> **Task requirements**:
Would you please retype, exactly, the lines of the listing below between the line with "Marco de acero al carbono resistente" and the line with "Observamos un adulto", inclusive?

> **Excerpted records**:
......

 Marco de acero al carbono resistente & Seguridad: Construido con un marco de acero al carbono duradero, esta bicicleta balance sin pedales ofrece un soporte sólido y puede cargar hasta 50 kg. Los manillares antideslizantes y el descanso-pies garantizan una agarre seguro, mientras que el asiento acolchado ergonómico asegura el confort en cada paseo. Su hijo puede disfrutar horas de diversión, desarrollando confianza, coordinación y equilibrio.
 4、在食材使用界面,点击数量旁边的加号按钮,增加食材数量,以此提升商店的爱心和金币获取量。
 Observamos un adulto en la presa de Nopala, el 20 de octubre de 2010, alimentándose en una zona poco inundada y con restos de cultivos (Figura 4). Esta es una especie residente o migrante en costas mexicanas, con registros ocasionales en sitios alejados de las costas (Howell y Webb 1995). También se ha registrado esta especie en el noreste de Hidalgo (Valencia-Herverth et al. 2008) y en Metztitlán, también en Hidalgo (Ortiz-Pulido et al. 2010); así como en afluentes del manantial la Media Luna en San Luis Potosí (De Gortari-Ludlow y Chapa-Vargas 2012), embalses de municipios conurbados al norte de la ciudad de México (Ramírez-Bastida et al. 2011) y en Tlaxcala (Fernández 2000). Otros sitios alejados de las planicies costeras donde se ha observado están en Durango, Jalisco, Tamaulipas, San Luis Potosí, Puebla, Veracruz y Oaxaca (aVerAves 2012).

......

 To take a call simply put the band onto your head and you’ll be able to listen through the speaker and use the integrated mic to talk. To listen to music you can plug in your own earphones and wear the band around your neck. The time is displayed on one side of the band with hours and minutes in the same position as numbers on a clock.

......

> **The completed task**:
 Marco de acero al carbono resistente & Seguridad: Construido con un marco de acero al carbono duradero, esta bicicleta balance sin pedales ofrece un soporte sólido y puede cargar hasta 50 kg. Los manillares antideslizantes y el descanso-pies garantizan una agarre seguro, mientras que el asiento acolchado ergonómico asegura el confort en cada paseo. Su hijo puede disfrutar horas de diversión, desarrollando confianza, coordinación y equilibrio.
 4、在食材使用界面,点击数量旁边的加号按钮,增加食材数量,以此提升商店的爱心和金币获取量。
 Observamos un adulto en la presa de Nopala, el 20 de octubre de 2010, alimentándose en una zona poco inundada y con restos de cultivos (Figura 4). Esta es una especie residente o migrante en costas mexicanas, con registros ocasionales en sitios alejados de las costas (Howell y Webb 1995). También se ha registrado esta especie en el noreste de Hidalgo (Valencia-Herverth et al. 2008) y en Metztitlán, también en Hidalgo (Ortiz-Pulido et al. 2010); así como en afluentes del manantial la Media Luna en San Luis Potosí (De Gortari-Ludlow y Chapa-Vargas 2012), embalses de municipios conurbados al norte de la ciudad de México (Ramírez-Bastida et al. 2011) y en Tlaxcala (Fernández 2000). Otros sitios alejados de las planicies costeras donde se ha observado están en Durango, Jalisco, Tamaulipas, San Luis Potosí, Puebla, Veracruz y Oaxaca (aVerAves 2012).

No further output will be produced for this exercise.